Although follow-up is limited, what kinds of outcomes are being reported in the early data?
The ELIOT data, when evaluating their entire spectrum of treated patients, is beginning to show a difference with in-breast control rates. The reported 5-year ipsilateral breast recurrence rate was 5.3%, compared to 0.7% for whole breast irradiation. In addition, a higher rate (12%) of fat necrosis is being reported.
We also have to consider that this group of patients included people who were potentially not good candidates for intraoperative electron therapy. However, as we remember that the target definitions and dose distributions differ with IORT, it does not mean these patients would necessarily be inappropriate for intracavitary brachytherapy. Since we are starting to see a difference in outcomes with IORT, we should be prompted to move forward cautiously with an eye on the data. Perhaps we will learn that the group of patients that are appropriate for IORT is smaller than the group that can be treated safely and effectively with intracavitary brachytherapy.
What are the biggest weaknesses of these techniques? In your opinion, will these issues prevent the widespread adoption of IORT?

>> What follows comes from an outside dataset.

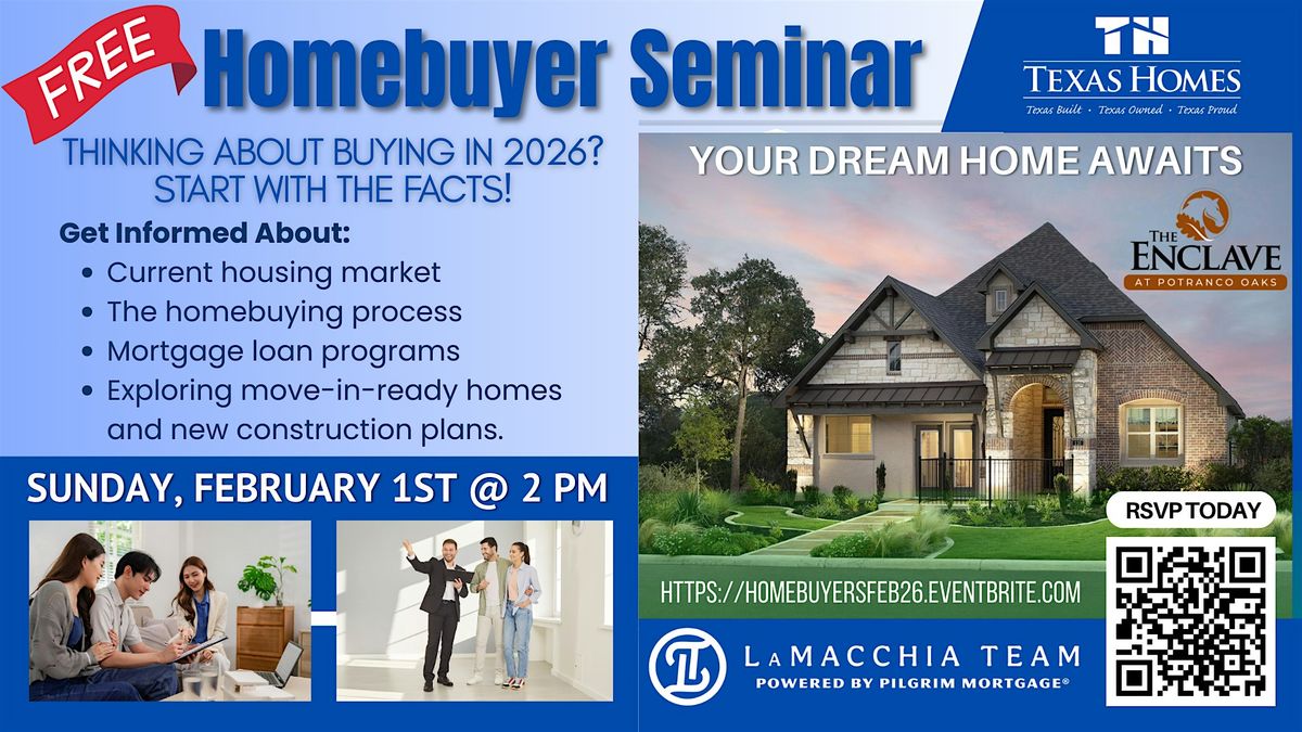 Welcome to your FREE Homebuyer Seminar! 🏡 Join us on Sunday, February 1st, from 2 pm - 3 pm (CST) at Texas Homes The Enclave at Potranco Oaks. You will learn everything you need to know about the current housing market, the homebuying process, and mortgage loan programs, all while exploring move-in-ready homes and new construction plans.
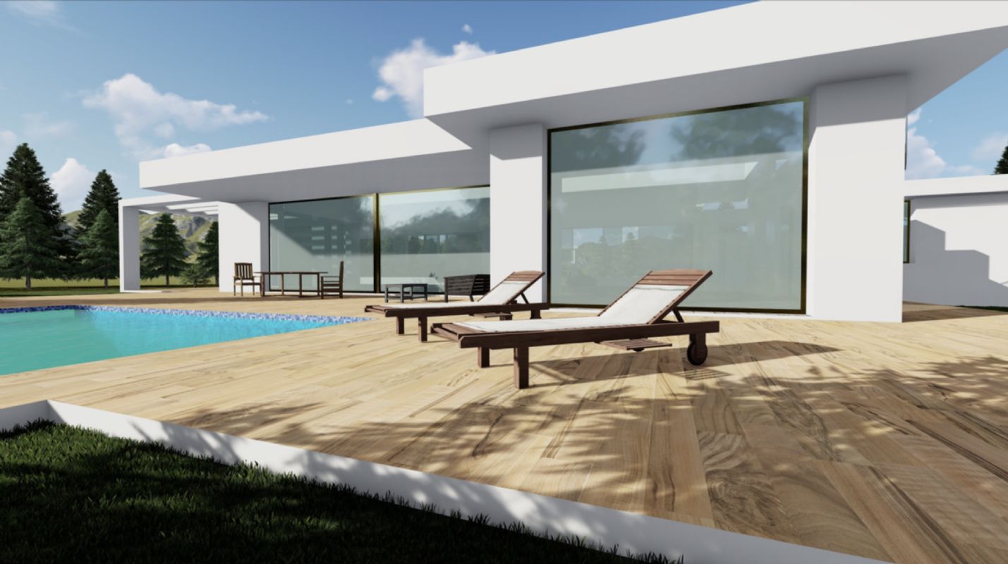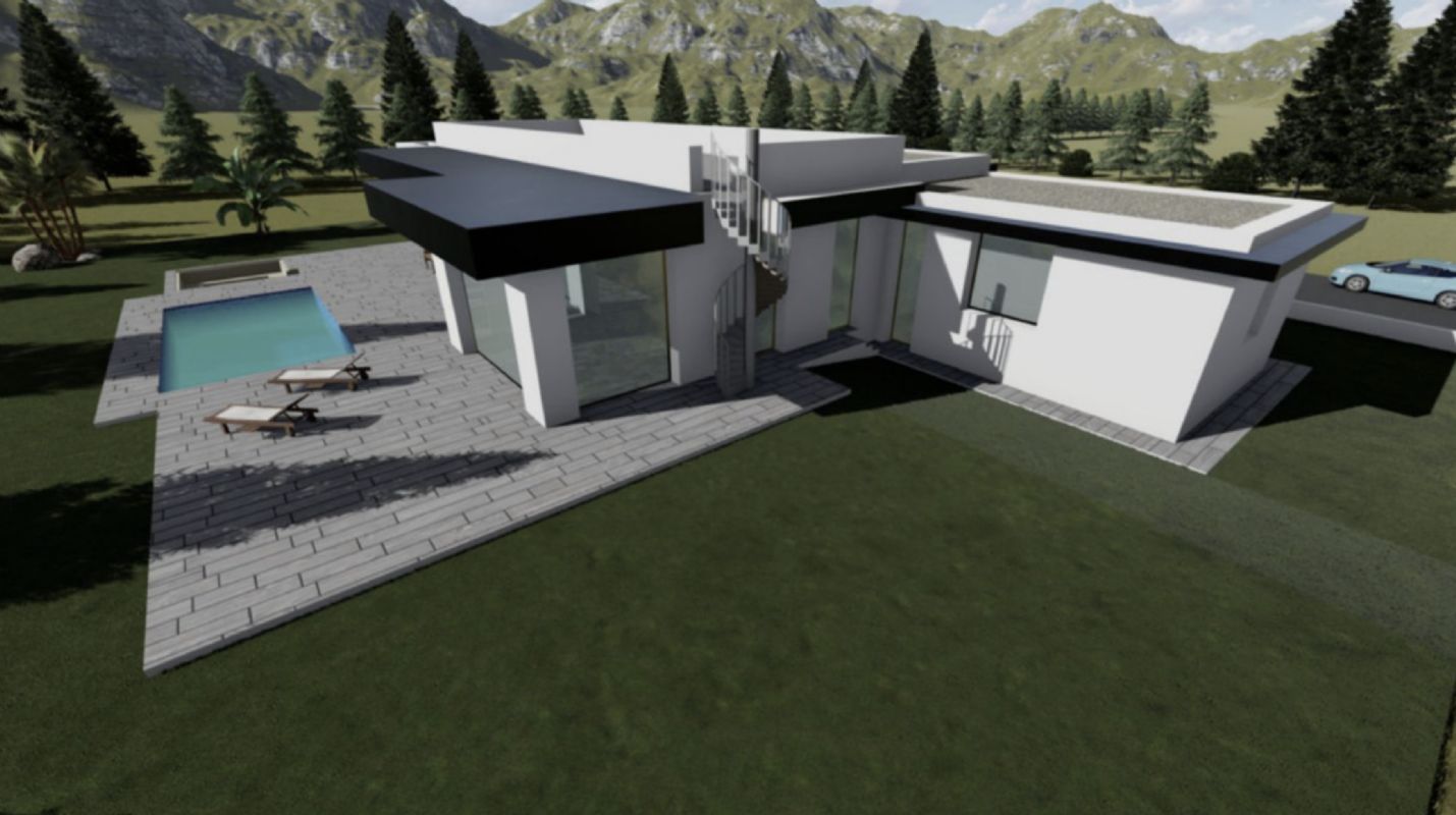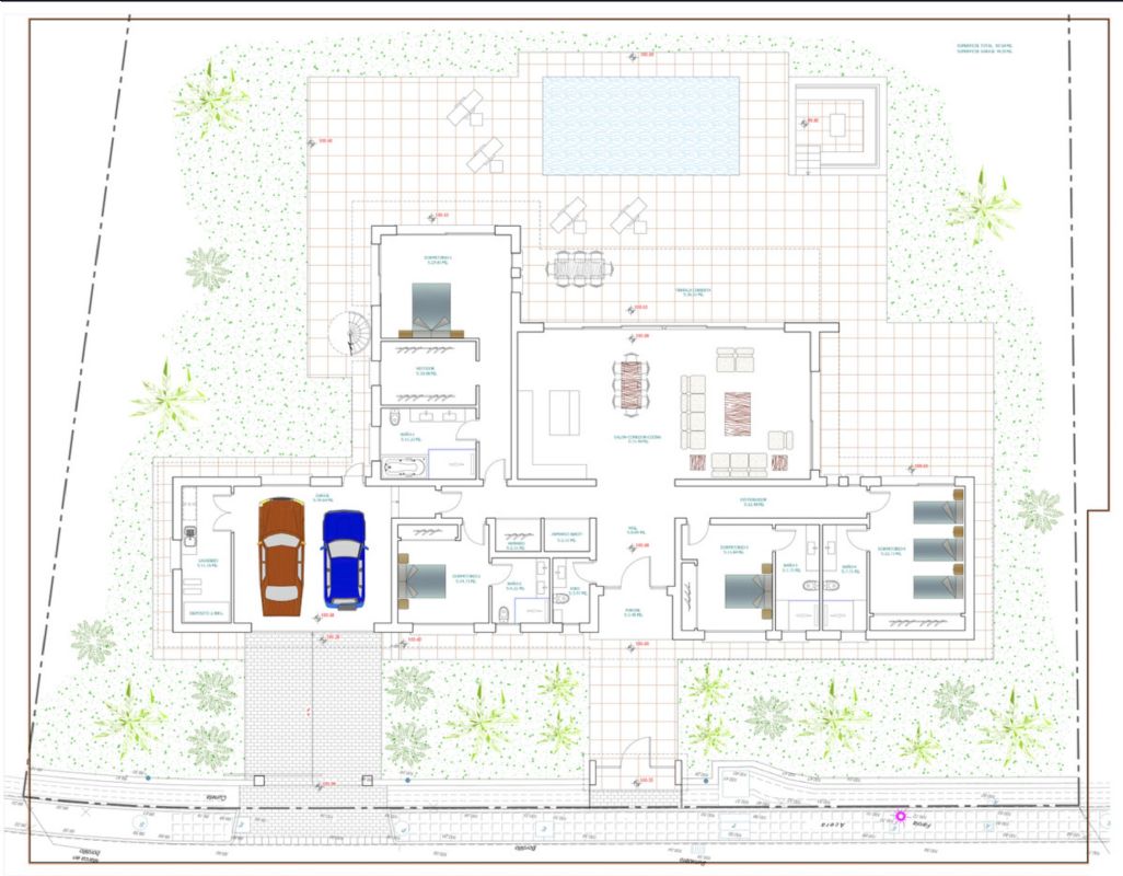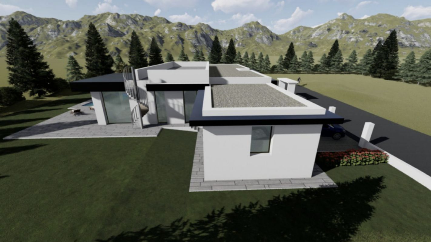 This construction consists out of 4 bedrooms with 4 ensuite bathroom, guest toilet, master dressing, distributors, big living/dining/kitchen area, garage and storage room, heated pool with chill-out, covered terraces, terraces, and a solarium with pergola terrace and BBQ area.

There are two main issues with IORT. The first is patient selection. There is no other area within the field of radiation oncology where we make treatment decisions without complete pathologic data available to us except in the rare, individual case when it is not possible. The second issue is the lack of confirmation that the target is actually being identified and dosimetrically covered appropriately, another aspect of radiation treatment delivery that is avoided in our specialty. These two issues are difficult to correct and raise questions regarding how this may impact outcomes.
Do you plan to introduce IORT at your institution?
We do not presently have plans to implement IORT at VCU. As a group we share the concerns discussed above. Presently, we have decided to focus our clinical research efforts on reducing the treatment time for post-operative intracavitary brachytherapy rather than opening a new protocol on a competing technique. We are enrolling on a multi-institutional phase II trial (principal investigator – Dr. Atif Kahn) using intracavitary brachytherapy that is moving us towards 2 treatment fractions and completing APBI in 2 days.
Does IORT have a role in the management of early-stage breast cancer? If so, what role does it play, and what (if any) concerns do you have?
In my opinion, I do not think we have clearly defined a role at this time. I have no doubt that a role will be defined, but more follow up on outcome data is needed to help us understand IORT patient selection and whether there is a better IORT technique for subgroups of patients.
Dr. Arthur is a professor and vice chairman of the radiation oncology department at Virginia Commonwealth University’s Massey Cancer Center in Richmond. His clinical and research interests include brachytherapy, management of breast and genitourinary malignancies, and soft tissue malignancies.